Since the sum of the eigenvalues $ \lambda_i(X) $ of a matrix $ X $ is equal to its trace:
$ f(X) = \text{Tr}(X) $

The gradient of the trace of a matrix with respect to the matrix is the identity matrix:
$ \nabla_X f(X) = I $
where $ I $ is the identity matrix of the same size as $ X $.

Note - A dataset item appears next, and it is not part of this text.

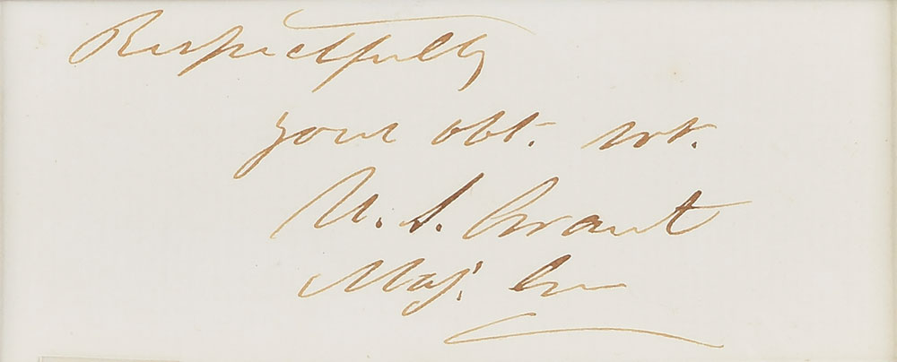 Crisply penned ink signature, "Respectfully, your obt. srt., U. S. Grant, Maj. Gen.,” on an off-white 3.5 x 1.5 sheet. Double-matted and framed with an engraving of Grant to an overall size of 12.5 x 16.75. In fine condition.

(b) Gradient of $ f(X) = \prod_{i=1}^{n} \lambda_i(X) $:

The product of the eigenvalues $ \lambda_i(X) $ of a matrix $ X $ is equal to its determinant:
$ f(X) = \det(X) $

For a matrix $ X $ with distinct eigenvalues, the gradient of the determinant can be expressed in terms of the adjugate of $ X $:
$ \nabla_X f(X) = \text{adj}(X)^T $


In [4]:
import jax.numpy as jnp
from jax import grad, jit, vmap

def softmax(w):
    w_max = jnp.max(w)
    w_stable = w - w_max
    e_w = jnp.exp(w_stable)
    return e_w / jnp.sum(e_w)

def f(w):
    return softmax(w)

jacobi_matrix = vmap(grad(f), in_axes=(0,))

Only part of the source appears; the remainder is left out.